Dante leavesme at the edge of the dance floor, the heat of his hand still lingering at my waist. I watch him disappear into the crowd, his jaw tight, his shoulders squared. Part of me wants to believe I was just playing him, keeping close for safety, making nice so he lowers his guard. But that’s not all of it. Not even close.
Because when he looked at me just now, I felt something loosen, something hungry and alive.
Maksim appears, the music shifting bright around us. “May I?” he asks, hand out, polite like always.
I take it. He draws me into the slow turn of the room. For a few beats we move without speaking.
“I’m sorry about not picking up your call,” he says at last, voice low. “I had no idea…” He lets his voice trail off.
“So you knew it was me calling.” I keep my eyes on his.
He almost smiles. “I have my ways.”
“I thought you hated this life,” I say.
He exhales through his nose. “Can we ever get out of it?”
In my head the answer is no. I don’t say it.
“I wouldn’t be in this place if you had just helped me,” I tell him.
He meets my look. “Do you want to get out?” He waits a beat. “Of this marriage.”
I don’t answer.
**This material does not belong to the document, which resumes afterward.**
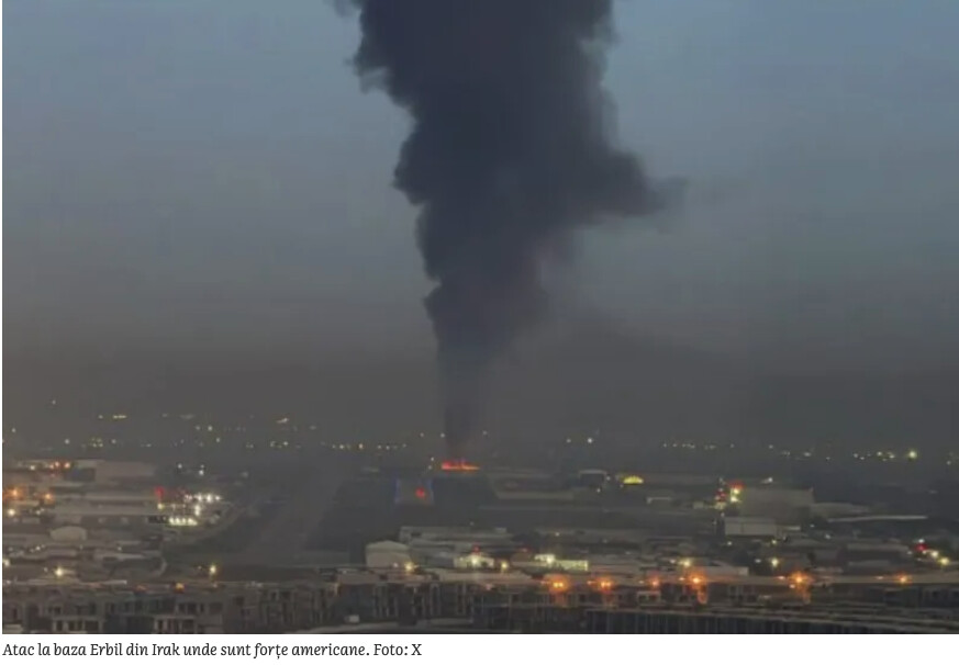 De asemenea, a fost atacată baza aeriană Erbil din Irak. Imagini publicate pe rețelele de socializare arată un nor mare de fum negru deasupra bazei unde se află un contigent de trupe americane, după ce agenția de știri iraniană Fars a afirmat că s-au auzit explozii puternice în orașul irakian.

The silence sits between us like a plate we both pretend not to see.
He shifts, lighter again. “You look well,” he says.
“I heard you and Dante are tight,” I say. “He killed that man in the garden. You didn’t do anything.”
“It’s not what you think.”
“What is it then?”
Maksim’s jaw goes tight. “That man was a traitor, Adriana. He’d been selling information—dangerous information—about both our families. He knew the rules and he broke them. He got caught.”
I study Maksim’s face, the tired lines around his eyes, the way he glances toward the corners of the room. He isn’t proud, but he’s not apologizing either.
“I didn’t pull the trigger, but I didn’t stop Dante,” he says, voice low. “If I had, it would have made things worse. There are times when the best I can do is keep things quiet, keep more blood from being spilled.”
I look away, the music too loud.
His words settle in my mind, heavy and ugly. Maksim isn’t lying, but there’s no comfort in the truth. The man in the garden was a traitor. There are rules in this world, and I’m starting to learn they’re not just stories told to keep daughters safe—they’re warnings. They’re threats, and promises too.
We dance another slow turn. Maksim keeps his hand gentle at my waist, steering me past gold and candlelight. I find my voice.
“I never wanted any of this,” I say. “Not this family, not this marriage. I wanted to choose.”
He looks at me, really looks, and for a moment I see the friend I remember. “None of us got to choose, Adi. Some of us just learned how to survive it.”
“Do you regret it?” I ask.
He hesitates. “Every day. But I regret what happens when people run more.”
His honesty stings. I glance at Dante across the room. He’s watching, eyes hard and unreadable.
Maksim’s apology lingers in the space between us. His guilt is so plain I can almost taste it, and I let him hold me a little closer as the music shifts.
“I’m sorry, Adi. I really am. About all of it.”